-- TASK GOAL --
Of all the lines in the entries, how many carry the word "floral"? The reply is that number and no more.

Content starts

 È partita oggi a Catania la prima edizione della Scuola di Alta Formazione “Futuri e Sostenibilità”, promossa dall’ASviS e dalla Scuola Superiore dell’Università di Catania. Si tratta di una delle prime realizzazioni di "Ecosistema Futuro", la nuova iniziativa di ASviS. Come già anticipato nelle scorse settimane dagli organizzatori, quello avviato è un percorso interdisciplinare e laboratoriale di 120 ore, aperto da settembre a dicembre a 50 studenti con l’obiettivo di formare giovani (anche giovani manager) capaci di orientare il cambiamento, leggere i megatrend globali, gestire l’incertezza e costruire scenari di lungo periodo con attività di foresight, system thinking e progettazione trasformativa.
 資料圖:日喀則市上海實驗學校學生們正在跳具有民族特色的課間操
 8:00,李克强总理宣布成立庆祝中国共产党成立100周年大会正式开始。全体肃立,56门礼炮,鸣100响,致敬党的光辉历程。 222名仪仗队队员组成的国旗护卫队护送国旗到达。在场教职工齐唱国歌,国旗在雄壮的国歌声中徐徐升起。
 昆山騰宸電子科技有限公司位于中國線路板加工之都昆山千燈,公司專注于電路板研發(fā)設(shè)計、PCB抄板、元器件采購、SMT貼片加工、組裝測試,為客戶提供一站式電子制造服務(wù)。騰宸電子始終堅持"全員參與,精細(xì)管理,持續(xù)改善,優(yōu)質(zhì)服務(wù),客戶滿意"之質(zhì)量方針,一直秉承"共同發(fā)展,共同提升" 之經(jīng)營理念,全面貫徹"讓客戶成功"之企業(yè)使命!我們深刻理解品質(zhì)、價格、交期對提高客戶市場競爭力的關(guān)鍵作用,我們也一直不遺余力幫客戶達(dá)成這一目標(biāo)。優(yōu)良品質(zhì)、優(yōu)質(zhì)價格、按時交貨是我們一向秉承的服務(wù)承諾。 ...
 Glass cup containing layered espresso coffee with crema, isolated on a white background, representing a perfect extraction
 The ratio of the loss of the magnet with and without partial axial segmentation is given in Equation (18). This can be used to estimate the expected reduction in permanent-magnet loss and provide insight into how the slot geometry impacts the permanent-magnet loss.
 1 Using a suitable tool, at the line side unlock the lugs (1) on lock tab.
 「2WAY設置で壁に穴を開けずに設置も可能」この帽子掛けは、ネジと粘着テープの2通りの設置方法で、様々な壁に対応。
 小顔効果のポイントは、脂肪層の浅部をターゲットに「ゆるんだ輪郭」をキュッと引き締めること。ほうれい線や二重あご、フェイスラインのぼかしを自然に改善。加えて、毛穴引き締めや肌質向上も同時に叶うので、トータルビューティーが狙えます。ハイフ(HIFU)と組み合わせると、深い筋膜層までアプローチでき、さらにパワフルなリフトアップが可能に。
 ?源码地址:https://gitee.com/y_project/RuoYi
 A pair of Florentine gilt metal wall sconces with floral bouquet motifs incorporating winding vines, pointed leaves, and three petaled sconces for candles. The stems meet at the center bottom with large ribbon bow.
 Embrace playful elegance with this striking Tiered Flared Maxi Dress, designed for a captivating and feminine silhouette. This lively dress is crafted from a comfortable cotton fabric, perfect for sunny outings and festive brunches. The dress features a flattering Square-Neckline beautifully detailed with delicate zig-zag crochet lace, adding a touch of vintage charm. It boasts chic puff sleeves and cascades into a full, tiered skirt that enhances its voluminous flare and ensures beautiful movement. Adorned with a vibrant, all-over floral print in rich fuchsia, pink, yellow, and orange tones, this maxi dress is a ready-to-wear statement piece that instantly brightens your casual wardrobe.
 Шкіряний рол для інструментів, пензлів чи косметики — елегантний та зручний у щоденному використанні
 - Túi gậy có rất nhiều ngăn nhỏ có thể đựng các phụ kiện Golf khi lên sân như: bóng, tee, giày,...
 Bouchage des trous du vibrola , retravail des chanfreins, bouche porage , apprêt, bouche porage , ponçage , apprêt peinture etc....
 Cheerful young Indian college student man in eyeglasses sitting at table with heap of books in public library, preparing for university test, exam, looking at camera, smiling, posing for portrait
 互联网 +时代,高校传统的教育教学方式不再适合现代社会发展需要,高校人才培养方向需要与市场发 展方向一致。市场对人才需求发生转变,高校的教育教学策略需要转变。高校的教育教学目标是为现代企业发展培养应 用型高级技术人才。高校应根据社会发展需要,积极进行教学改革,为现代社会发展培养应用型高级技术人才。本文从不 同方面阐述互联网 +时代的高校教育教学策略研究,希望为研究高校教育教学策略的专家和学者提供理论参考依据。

Content ends

-- TASK SOLUTION --
2